Bay Area traveler frustrated with mismarked plane ticket

December 15, 2009 7:12:56 PM PST
A mismarked plane ticket has caused some grief for Bay Area passengers and for the airline responsible for the problem.

The problem occurred just as holiday travel was beginning to get all of our attention.

Siddharth Dutta, he goes by Sid, was shopping for a plane ticket back home to India when he found a good deal on British Airways.

He booked it, only to be told a couple weeks later the fare would not be honored.

"The first thing she said was, 'So, you canceled your ticket'. I said, 'No I did not cancel my ticket'. And she said, 'Well, British Airways, it is a corporate decision, we have decided not to honor the ticket, we have canceled your ticket," he said.

Why? Well the airline says it meant to post a new flight price to India that cost an additional $40, when it accidentally made the price $40.

Travel attorney Al Anolik says the theory goes passengers should have known it was a mistake. It is a theory he does not subscribe to.
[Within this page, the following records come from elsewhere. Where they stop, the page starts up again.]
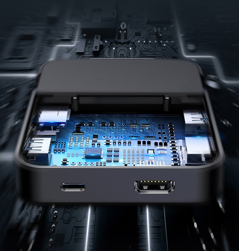 This adaptable seven-in-one docking station combines the capabilities of a charger, phone holder, and a docking station.
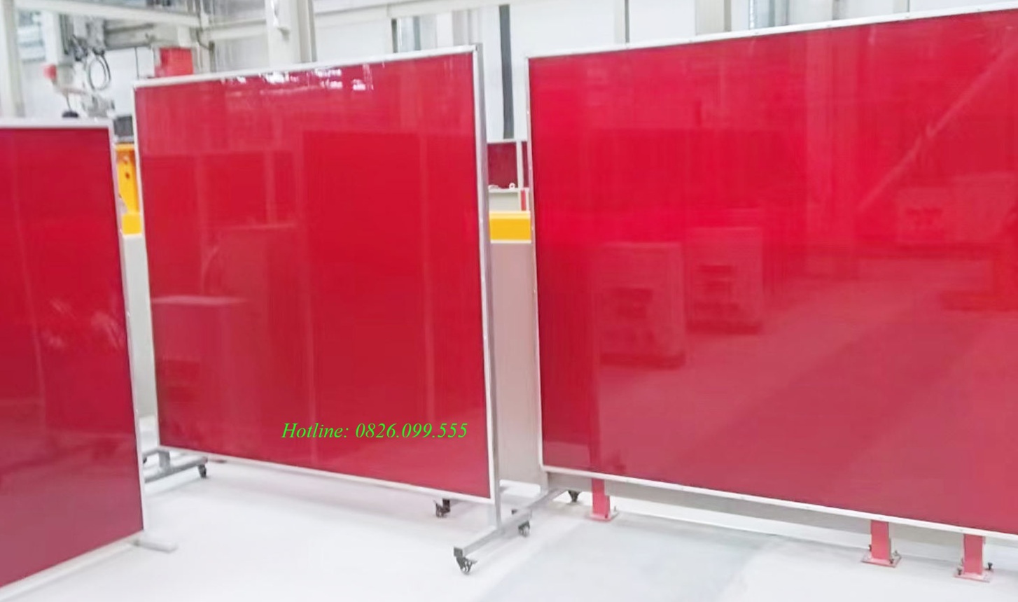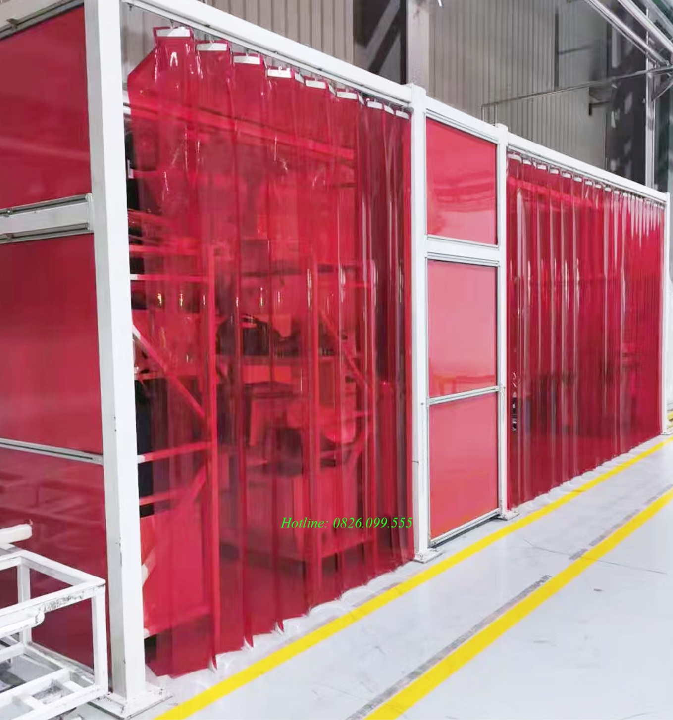 - Màng nhựa PVC mầu đỏ khổ lớn làm vách ngăn nhà xưởng, vạch nhựa chống tia lửa hàn di động. Màng PVC đỏ chống ngăn nhiệt bức xạ hồ quang điện hiệu quả an toàn
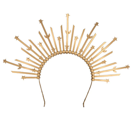 Met een halo crown kan je een festival, feest of bruiloft outfit laten stralen. Deze mooie gouden halo kroon diadeem is versierd met halve maantjes en sterren en geeft elke outfit een magische Boho uitstraling. Daarnaast kan deze unieke accessoire ook een origineel Carnaval of Cosplay kostuum als godin een finishing touch geven.
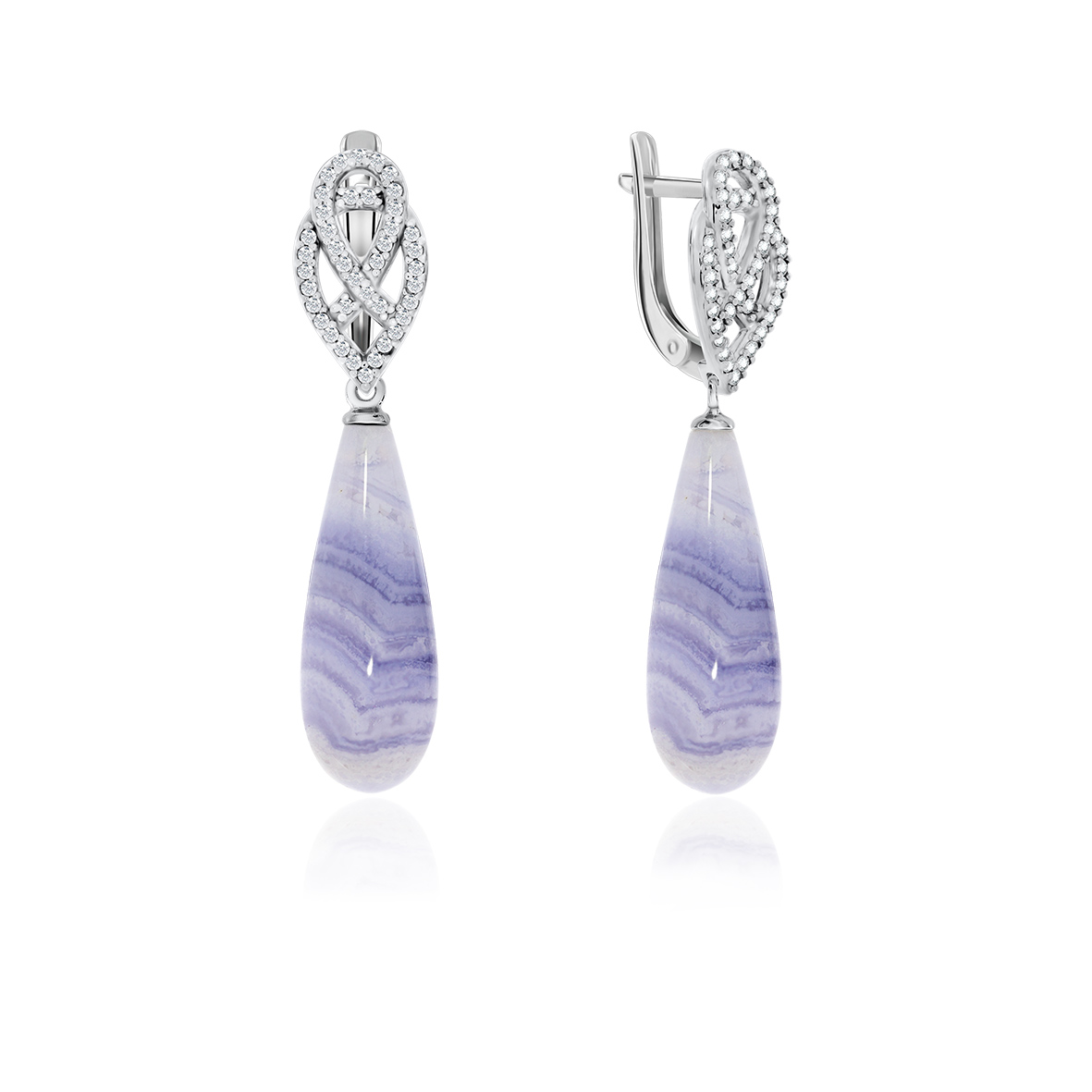 Серьги для женщин из серебра 925 пробы с агатами,фианитами из коллекции Уральские самоцветы артикул 2340390794л-84 от компании KRASNOE
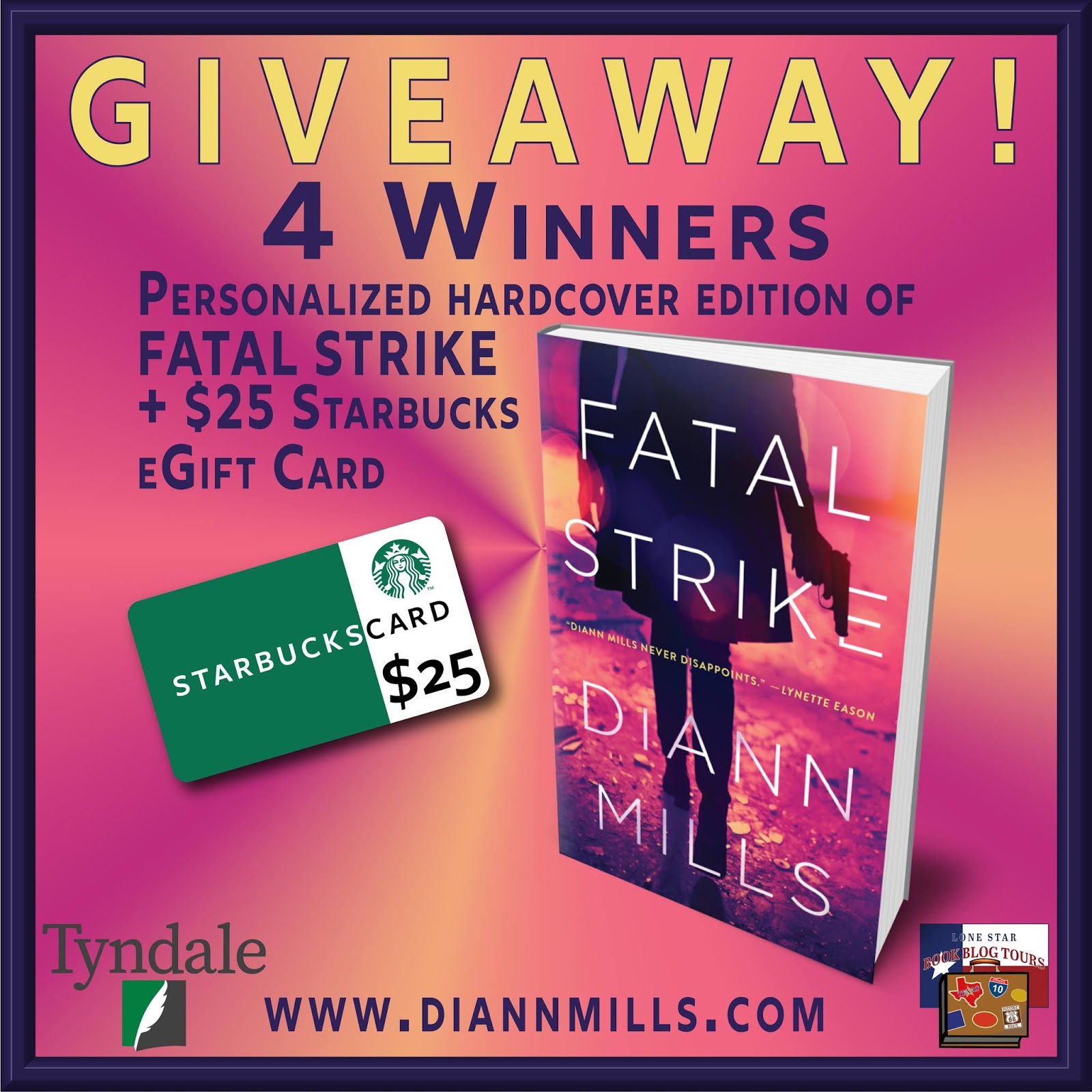 Many thanks to Lone Star Book Blog Tours and DiAnn Mills! It was a pleasure reading, reviewing, and hosting! And be sure to check out the other stops on the tour for more opinions and extras!
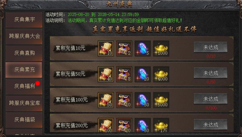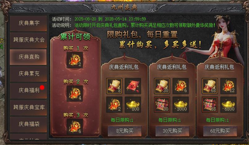 7、「庆典直购」元宝返利+天命石+珍稀道具三重返利;
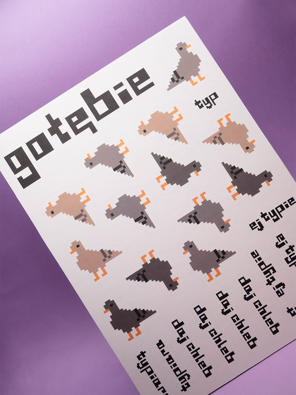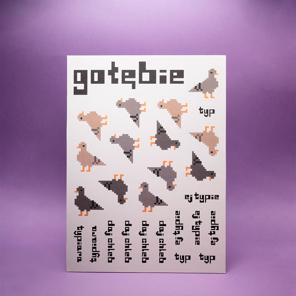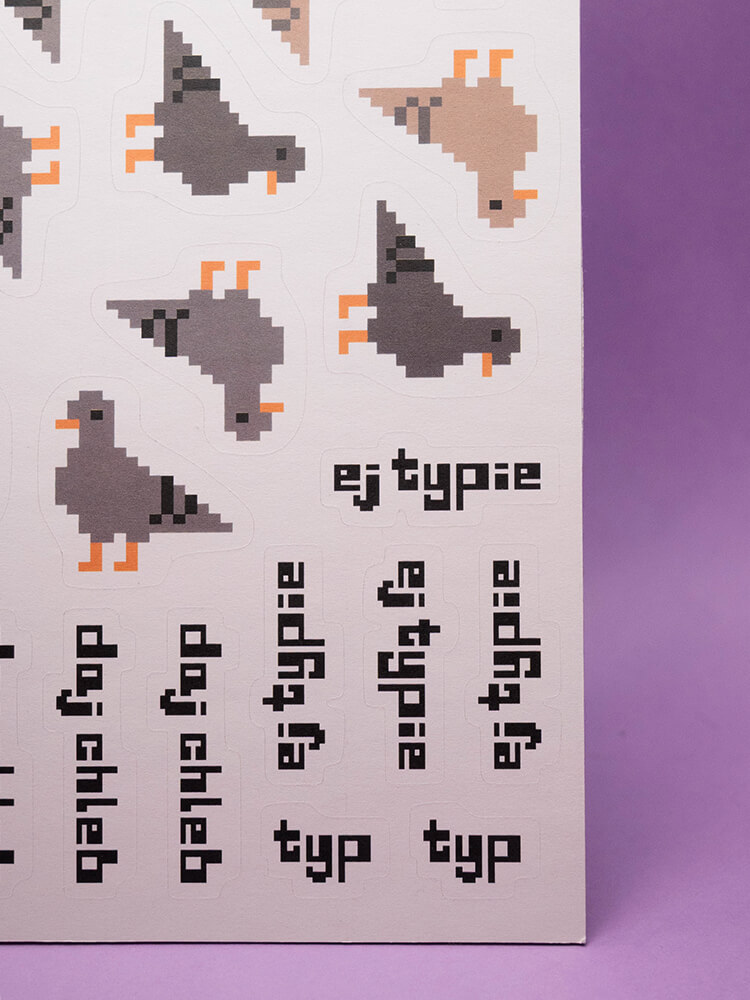 Arkusz z kilkunastoma gołębiami w różnych kolorach. Jest Typ, jest jego kolega, no i oczywiście jest Typiara! Oprócz gołębi znajdziesz tu też napisy. I teraz już możesz naklejać wszędzie rozmawiające gołębie. Co prawda one się tylko ze sobą witają i proszą o chleb, ale szczerze mówiąc nie sądzę, żeby takie gołębie były w stanie mówić coś więcej. No chyba, że znajdą wreszcie chleb, ale na to się nie zapowiada…
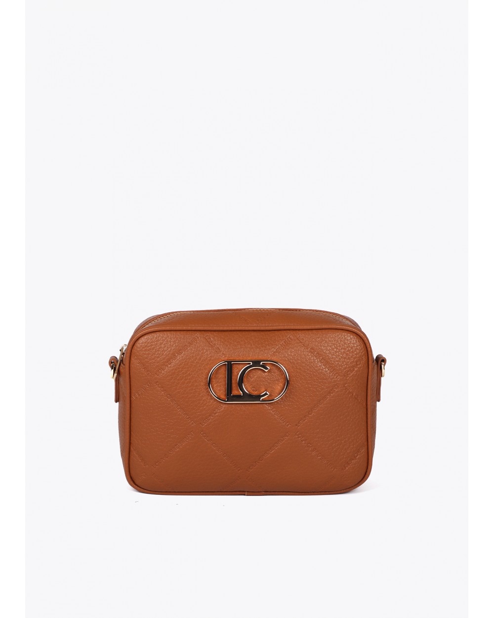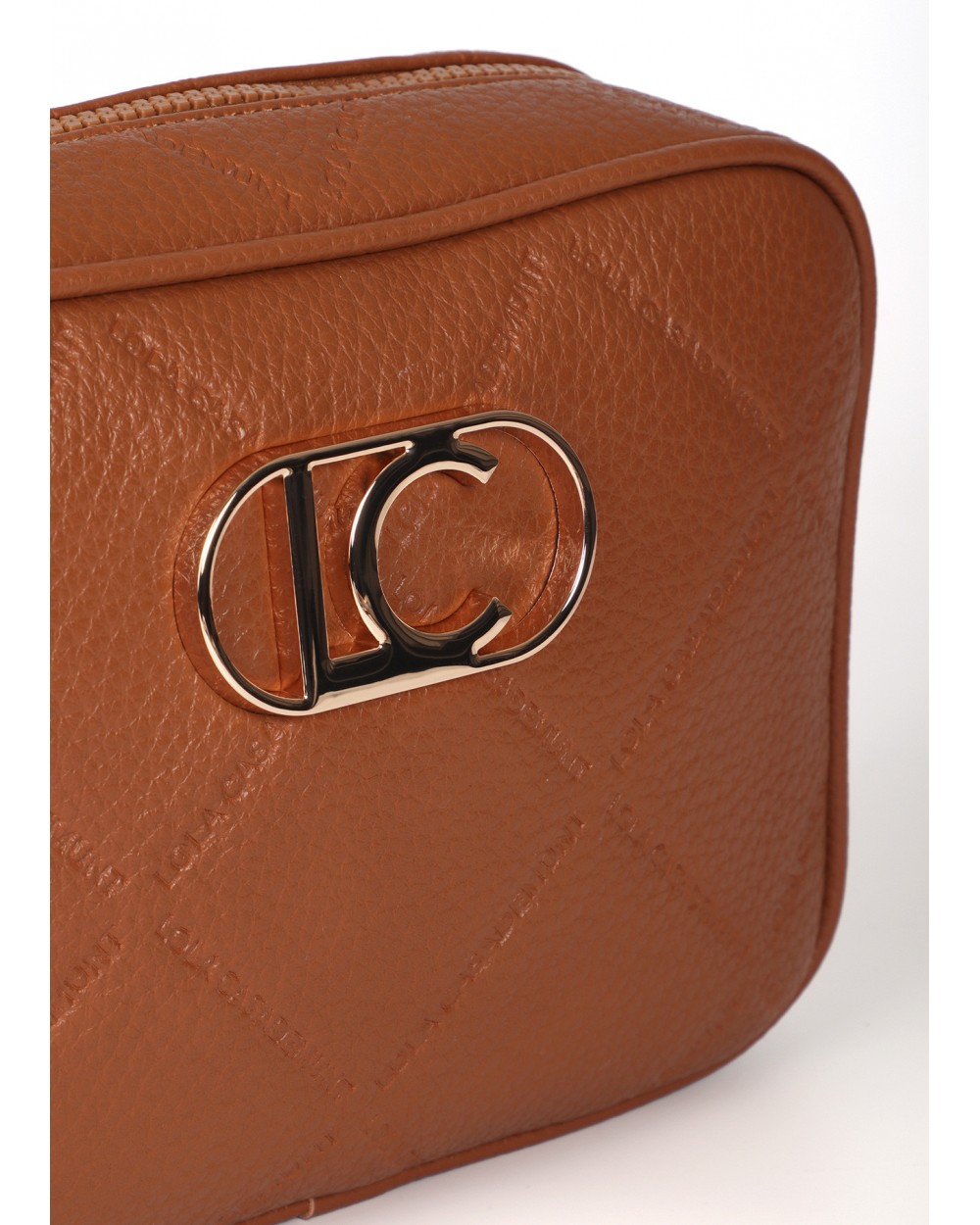 Bolso bandolera efecto piel con logo monograma de rombos. Tiene el logo LC en metal dorado ovalado en la parte frontal, cierre con cremallera y trae dos correas ajustables , una en el mismo tono y otra logotipada , varios compartimentos en el interior.

"They saw a $40 fare, but along with that fare was a $370 fuel surcharge during a time when there wasn't a fuel problem and another $150 in taxes, so it wasn't so bad that someone would automatically say it was a mistake," he said.

Sid actually paid $554.30. It is not that far off from the price another airline was charging a couple weeks later, $742.90.

"Within in a couple of hours they had 2,000 tickets sold. British Airways looked at it and says we made a unilateral mistake and we are not going to honor it. You can't do that," said Anolik.

British airways offered a $300 voucher for a future flight and it's not good enough many said, and many of them called 7 on Your Side to complain.

They were referred on to Anolik and he told them to file small claims actions and tell the Department of Transportation.

The DOT actually got on British Airways and the airline has now agreed to work with each customer individually.

Sid is still negotiating with the airline, but he continues to pursue a small claims suit, just in case.

"They gave me a call because they would like to settle outside court and I sent them an email with all the documentation, I have the documentation, and that person did not get back to me yet," said Sid.

British Airways told 7 On Your Side it apologizes. They said it was simple human error and is working with all affected customers.